Assuming default configuration is correct: Automotive software tools ship with default configurations that are designed to compile and link, not to meet project-specific requirements. Every configuration parameter needs to be consciously set. 'It compiled' is not the same as 'it is correctly configured'.
Skipping documentation of configuration rationale: In a 3-year ECU project with team turnover, undocumented configuration choices become tribal knowledge that disappears when engineers leave. Document why a parameter is set to a specific value, not just what it is set to.
Testing only the happy path: Automotive ECUs must behave correctly under fault conditions, voltage variations, and communication errors. Always test the error handling paths as rigorously as the nominal operation. Many production escapes originate in untested error branches.

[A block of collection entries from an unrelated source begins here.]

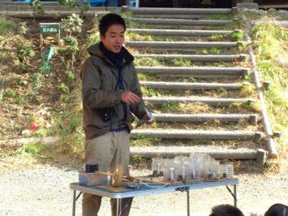これから「火おこし体験」をします。みんなで力を合わせて火をおこします。
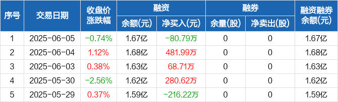 大东南融资融券信息显示,2025年6月5日融资净偿还80.79万元;融资余额1.67亿元,较前一日下降0.48%。
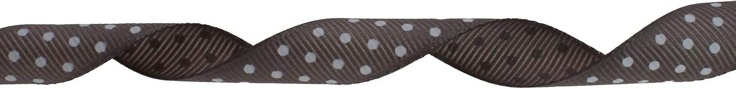 Polka Dot Grosgrain Ribbon 25 Yard Each Roll 100% Polyester (5/8", Gray)

Version mismatches between teams: In a multi-team project, the BSW team, SWC team, and system integration team may use different versions of the same ARXML file. Version management of all ARXML files in a shared repository is mandatory, not optional.

📊 Industry Note

Engineers who master both the theoretical concepts and the practical toolchain skills covered in this course are among the most sought-after professionals in the automotive software industry. The combination of AUTOSAR standards knowledge, safety engineering understanding, and hands-on configuration experience commands premium salaries at OEMs and Tier-1 suppliers globally.